S132, use of p_η(w | z) sampling to obtain a sequence of generated words

S133, generating word sequence by using generated words

Training joint models for spoken language understanding, inference

S134, generating groove filling and intention recognition results

S135, mixing

And

together form a new corpus

And adding the data to the generated corpus set.

4. The dirichlet-dependent spoken language understanding method of claim 3, wherein said performing data enhancement specifically comprises:

by latent variable z and sample corpus

5. A spoken language understanding system based on a dirichlet variational auto-encoder, the system comprising:

the system comprises a sampling corpus generating module, a data processing module and a data processing module, wherein the sampling corpus generating module is configured to sample a training corpus by using a Dirichlet variational self-encoder to generate a sampling corpus;

and the corpus generating module is configured to generate corpus.

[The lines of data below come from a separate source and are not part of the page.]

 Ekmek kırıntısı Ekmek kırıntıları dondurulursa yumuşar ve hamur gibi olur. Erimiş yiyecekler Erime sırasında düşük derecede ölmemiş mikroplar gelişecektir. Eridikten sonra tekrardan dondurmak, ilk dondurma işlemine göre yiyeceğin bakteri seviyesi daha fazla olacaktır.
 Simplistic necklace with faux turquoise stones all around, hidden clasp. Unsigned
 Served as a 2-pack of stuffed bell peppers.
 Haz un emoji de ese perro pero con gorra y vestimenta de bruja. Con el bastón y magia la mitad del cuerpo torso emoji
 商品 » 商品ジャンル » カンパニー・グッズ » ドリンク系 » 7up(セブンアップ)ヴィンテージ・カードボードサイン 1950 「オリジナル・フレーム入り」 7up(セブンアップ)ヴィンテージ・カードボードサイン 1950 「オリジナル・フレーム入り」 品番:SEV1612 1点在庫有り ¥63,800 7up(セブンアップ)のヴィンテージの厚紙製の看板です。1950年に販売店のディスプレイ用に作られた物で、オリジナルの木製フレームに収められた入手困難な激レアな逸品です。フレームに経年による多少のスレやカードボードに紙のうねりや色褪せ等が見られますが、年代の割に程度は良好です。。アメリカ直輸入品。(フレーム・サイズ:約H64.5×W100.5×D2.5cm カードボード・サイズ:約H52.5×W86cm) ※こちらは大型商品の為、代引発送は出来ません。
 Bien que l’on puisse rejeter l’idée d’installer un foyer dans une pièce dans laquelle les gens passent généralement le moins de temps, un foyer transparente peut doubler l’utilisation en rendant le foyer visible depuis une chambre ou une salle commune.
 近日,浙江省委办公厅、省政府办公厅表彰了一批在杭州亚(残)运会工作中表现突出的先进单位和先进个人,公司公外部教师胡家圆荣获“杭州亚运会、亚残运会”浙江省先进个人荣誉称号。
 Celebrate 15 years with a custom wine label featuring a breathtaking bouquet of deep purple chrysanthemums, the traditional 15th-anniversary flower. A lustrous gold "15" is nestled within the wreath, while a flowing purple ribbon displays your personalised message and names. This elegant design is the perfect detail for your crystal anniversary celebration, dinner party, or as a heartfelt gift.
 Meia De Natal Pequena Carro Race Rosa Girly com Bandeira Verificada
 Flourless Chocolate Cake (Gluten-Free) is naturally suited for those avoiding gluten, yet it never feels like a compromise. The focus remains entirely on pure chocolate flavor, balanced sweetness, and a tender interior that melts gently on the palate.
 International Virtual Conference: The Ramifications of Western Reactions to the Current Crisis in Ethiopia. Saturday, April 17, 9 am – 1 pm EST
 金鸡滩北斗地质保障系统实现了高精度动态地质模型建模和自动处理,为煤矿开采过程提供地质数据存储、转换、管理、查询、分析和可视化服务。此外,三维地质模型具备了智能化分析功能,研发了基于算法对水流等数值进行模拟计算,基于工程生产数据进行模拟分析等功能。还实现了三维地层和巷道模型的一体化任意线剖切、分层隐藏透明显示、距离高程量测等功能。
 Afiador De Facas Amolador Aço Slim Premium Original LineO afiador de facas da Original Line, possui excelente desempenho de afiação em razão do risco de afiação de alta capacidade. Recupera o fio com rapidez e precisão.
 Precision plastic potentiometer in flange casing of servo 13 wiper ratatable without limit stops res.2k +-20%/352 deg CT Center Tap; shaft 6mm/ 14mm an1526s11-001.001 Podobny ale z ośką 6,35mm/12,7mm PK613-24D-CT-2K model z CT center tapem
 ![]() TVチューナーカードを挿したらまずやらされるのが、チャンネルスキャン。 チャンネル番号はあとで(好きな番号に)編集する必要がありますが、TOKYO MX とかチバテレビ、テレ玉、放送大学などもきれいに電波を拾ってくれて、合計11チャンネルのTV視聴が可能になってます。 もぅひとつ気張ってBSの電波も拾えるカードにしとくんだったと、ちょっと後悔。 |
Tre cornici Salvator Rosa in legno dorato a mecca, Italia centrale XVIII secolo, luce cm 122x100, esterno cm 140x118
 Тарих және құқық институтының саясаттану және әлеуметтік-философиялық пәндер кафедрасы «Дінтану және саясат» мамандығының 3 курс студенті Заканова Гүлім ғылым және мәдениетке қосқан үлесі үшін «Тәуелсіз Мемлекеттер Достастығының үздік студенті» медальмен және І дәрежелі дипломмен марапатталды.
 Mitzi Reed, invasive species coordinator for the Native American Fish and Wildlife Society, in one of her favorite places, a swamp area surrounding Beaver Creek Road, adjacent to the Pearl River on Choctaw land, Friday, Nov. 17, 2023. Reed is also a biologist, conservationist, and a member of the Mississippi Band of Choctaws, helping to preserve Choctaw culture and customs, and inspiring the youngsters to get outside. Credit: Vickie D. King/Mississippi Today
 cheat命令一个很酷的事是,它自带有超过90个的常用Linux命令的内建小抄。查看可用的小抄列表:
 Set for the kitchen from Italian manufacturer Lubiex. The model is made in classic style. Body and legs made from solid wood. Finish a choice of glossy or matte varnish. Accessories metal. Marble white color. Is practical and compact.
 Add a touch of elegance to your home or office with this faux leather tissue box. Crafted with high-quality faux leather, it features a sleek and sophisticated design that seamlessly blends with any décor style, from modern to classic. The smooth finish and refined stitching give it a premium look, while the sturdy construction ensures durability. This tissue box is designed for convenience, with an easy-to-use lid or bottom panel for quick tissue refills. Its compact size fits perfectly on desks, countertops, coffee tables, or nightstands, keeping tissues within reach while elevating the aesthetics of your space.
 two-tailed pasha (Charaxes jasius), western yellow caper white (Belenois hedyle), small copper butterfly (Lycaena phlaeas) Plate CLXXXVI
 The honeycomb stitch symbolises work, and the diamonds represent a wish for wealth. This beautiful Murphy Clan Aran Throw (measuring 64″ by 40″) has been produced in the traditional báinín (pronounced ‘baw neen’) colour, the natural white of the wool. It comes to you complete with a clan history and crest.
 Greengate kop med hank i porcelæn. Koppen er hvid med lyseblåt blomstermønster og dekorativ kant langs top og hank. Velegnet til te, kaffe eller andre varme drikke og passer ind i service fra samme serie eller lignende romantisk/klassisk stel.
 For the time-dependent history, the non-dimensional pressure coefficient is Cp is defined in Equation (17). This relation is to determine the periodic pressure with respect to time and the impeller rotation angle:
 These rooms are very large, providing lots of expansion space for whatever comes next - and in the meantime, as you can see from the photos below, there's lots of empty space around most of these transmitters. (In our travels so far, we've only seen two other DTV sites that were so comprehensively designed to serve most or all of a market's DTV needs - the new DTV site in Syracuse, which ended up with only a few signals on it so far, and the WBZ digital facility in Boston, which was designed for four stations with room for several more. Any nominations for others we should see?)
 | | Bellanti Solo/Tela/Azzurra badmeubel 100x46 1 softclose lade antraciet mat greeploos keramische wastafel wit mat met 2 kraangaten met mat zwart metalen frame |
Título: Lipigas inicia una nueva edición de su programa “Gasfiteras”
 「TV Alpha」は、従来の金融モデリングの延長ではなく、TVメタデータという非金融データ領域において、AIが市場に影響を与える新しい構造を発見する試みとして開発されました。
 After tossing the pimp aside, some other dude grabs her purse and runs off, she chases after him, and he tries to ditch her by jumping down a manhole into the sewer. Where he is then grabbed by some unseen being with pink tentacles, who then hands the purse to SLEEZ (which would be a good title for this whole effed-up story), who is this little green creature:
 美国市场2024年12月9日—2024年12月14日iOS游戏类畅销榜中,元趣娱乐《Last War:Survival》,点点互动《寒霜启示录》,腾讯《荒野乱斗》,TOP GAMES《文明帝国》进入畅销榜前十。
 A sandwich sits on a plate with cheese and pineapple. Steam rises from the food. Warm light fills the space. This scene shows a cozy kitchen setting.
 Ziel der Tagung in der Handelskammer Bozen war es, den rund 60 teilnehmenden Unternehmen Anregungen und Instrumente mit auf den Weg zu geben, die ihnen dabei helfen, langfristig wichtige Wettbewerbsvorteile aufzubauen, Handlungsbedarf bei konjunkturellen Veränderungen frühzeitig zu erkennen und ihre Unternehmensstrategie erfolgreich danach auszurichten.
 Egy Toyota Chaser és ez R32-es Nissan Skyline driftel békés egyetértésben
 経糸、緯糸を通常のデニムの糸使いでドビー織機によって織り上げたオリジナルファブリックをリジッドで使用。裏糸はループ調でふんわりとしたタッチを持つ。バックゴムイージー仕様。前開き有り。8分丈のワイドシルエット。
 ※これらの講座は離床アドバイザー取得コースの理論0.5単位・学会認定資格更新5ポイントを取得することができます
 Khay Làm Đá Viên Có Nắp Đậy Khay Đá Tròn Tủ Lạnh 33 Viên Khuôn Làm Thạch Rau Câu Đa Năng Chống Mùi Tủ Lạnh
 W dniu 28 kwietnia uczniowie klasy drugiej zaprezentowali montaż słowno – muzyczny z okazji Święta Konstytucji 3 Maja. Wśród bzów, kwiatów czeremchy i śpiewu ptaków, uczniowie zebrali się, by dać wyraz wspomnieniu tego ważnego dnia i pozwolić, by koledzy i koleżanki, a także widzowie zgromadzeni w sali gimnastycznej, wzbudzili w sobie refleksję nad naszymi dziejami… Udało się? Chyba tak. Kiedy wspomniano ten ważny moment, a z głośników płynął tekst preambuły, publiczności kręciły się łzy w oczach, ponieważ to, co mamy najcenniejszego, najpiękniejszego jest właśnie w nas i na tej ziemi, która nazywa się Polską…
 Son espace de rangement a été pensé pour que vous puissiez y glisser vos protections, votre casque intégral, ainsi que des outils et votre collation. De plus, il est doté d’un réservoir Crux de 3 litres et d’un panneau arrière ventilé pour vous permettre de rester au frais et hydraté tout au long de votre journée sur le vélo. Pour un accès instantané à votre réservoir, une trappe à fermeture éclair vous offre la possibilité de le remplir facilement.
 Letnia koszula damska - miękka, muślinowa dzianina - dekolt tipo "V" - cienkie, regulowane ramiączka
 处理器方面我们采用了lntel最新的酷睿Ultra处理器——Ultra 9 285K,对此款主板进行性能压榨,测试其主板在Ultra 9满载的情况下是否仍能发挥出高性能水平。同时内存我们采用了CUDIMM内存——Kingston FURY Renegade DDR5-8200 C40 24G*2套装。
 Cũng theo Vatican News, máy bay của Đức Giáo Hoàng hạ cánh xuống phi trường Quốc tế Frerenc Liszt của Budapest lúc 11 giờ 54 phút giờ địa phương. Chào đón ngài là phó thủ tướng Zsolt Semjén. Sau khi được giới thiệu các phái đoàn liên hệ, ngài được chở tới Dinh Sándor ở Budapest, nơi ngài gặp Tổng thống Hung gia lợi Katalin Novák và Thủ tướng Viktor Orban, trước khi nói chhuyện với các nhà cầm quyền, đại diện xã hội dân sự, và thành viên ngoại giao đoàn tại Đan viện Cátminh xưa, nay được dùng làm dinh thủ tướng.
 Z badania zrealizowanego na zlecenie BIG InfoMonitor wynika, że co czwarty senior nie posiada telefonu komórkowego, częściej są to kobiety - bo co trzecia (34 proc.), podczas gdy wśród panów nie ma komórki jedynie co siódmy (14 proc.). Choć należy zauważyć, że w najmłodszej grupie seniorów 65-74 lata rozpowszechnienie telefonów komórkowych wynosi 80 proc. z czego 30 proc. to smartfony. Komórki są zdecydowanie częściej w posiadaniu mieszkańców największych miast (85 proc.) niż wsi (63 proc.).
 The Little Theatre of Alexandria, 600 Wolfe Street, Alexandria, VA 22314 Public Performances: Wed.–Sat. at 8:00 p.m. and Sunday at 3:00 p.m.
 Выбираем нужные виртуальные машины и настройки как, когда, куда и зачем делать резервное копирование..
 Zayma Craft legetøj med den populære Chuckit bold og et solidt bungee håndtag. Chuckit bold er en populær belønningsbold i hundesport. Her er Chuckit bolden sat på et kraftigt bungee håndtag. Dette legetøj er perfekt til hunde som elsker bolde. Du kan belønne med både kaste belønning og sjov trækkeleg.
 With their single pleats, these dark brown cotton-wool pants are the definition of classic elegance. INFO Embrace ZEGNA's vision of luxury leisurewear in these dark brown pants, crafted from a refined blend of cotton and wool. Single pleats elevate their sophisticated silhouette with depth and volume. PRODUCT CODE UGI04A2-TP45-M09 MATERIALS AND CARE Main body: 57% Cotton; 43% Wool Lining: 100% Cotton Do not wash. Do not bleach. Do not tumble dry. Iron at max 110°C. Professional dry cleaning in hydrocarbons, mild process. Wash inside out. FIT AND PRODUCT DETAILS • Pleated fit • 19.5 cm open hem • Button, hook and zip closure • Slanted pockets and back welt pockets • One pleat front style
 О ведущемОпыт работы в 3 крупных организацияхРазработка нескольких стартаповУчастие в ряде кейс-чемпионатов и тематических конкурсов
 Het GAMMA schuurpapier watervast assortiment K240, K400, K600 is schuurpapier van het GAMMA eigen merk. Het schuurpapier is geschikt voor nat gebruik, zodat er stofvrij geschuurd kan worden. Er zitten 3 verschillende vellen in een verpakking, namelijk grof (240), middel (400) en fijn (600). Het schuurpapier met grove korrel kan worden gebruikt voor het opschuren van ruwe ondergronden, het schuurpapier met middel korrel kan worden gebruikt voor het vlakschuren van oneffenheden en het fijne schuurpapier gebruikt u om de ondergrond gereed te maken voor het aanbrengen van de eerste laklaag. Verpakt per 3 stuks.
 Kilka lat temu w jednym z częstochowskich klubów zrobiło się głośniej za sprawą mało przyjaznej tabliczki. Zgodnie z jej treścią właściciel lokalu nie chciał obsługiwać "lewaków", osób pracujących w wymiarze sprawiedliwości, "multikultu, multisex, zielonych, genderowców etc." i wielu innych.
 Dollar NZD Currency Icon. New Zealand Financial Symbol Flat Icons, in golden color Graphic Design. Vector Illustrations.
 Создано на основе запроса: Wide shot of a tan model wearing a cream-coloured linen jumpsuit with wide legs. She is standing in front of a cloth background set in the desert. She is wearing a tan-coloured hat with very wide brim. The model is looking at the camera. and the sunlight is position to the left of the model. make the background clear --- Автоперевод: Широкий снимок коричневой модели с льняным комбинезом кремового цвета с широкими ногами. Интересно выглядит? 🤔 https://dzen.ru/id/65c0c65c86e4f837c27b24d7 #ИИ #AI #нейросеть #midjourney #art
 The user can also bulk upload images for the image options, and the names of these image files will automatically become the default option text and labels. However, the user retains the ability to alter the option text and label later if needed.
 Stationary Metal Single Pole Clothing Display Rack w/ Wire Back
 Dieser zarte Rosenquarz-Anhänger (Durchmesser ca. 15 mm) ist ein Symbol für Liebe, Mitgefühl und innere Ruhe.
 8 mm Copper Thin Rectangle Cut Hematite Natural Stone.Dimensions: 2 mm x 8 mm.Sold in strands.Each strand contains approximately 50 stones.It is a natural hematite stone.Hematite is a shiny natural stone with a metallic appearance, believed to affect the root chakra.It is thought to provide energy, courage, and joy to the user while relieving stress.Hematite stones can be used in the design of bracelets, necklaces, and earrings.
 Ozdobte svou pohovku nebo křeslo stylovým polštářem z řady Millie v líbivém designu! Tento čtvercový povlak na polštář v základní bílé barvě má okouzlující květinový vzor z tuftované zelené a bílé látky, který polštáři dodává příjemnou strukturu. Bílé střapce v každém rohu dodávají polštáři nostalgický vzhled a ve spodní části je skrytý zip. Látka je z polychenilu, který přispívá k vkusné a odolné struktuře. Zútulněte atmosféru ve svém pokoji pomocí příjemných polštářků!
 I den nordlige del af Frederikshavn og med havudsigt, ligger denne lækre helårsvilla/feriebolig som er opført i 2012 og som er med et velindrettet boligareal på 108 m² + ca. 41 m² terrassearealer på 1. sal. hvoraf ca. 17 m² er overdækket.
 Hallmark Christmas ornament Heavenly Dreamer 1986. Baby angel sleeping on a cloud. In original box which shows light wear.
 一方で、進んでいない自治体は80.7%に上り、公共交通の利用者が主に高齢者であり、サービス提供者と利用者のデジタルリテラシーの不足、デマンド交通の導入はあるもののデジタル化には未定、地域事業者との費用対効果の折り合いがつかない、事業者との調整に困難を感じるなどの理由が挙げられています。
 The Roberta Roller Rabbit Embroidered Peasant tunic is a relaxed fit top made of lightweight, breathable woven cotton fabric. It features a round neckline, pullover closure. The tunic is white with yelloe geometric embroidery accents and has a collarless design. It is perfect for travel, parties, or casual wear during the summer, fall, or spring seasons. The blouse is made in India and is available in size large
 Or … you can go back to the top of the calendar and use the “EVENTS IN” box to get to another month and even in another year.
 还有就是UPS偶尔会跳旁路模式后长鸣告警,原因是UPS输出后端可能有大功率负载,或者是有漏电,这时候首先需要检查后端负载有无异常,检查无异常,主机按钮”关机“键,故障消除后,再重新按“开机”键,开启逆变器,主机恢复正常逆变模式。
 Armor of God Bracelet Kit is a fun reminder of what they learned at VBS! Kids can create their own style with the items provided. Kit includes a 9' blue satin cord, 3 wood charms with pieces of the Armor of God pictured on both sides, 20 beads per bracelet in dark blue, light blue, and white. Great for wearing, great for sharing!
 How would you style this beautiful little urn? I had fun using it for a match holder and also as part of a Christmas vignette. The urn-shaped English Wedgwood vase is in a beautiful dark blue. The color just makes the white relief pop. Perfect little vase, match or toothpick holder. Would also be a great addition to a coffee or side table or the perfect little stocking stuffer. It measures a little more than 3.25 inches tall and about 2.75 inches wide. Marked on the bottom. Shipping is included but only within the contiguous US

6. The spoken language understanding system of claim 5, wherein the sample corpus generating module specifically comprises:

the first submodule is configured to give a sampling corpus number n and initialize a null corpus set M;

a second sub-module configured to loop S1121-S1124 when the number of corpuses in M is less than n:

s1121, selecting a real word sequence w;

S1123, distributing q by variation_φ(w | z) sampling

S1124, corpus of samples

Adding into M;

a third sub-module configured to generate the corpus of samples.

7. The system according to claim 6, wherein the corpus generating module specifically comprises:

a first subunit configured to first sample z-q_φ(z) then approximating p with a Dirichlet variational self-encoder_η(w|z)；

A second subunit configured to generate the word sequence using p η (w | z) sampling

A third subunit configured to generate a word sequence using the generated word

Training joint models for spoken language understanding, inference

A fifth subunit configured to connect

And

together form a new corpus

And adding the data to the generated corpus set.

8. The system of claim 6, wherein the data enhancement module is further specifically configured to:

by latent variable z and sample corpus

9. An apparatus for spoken language understanding based on a dirichlet variational auto-encoder, comprising a memory, a processor, and a computer program stored on the memory and executable on the processor, wherein the processor when executing the program implements the steps of:

s12, enhancing data according to the sampling corpus;

and S13, generating a training corpus.

10. A computer-readable storage medium, on which a computer program is stored, which program, when executed by a processor, carries out the steps of:

s12, enhancing data according to the sampling corpus;

and S13, generating a training corpus.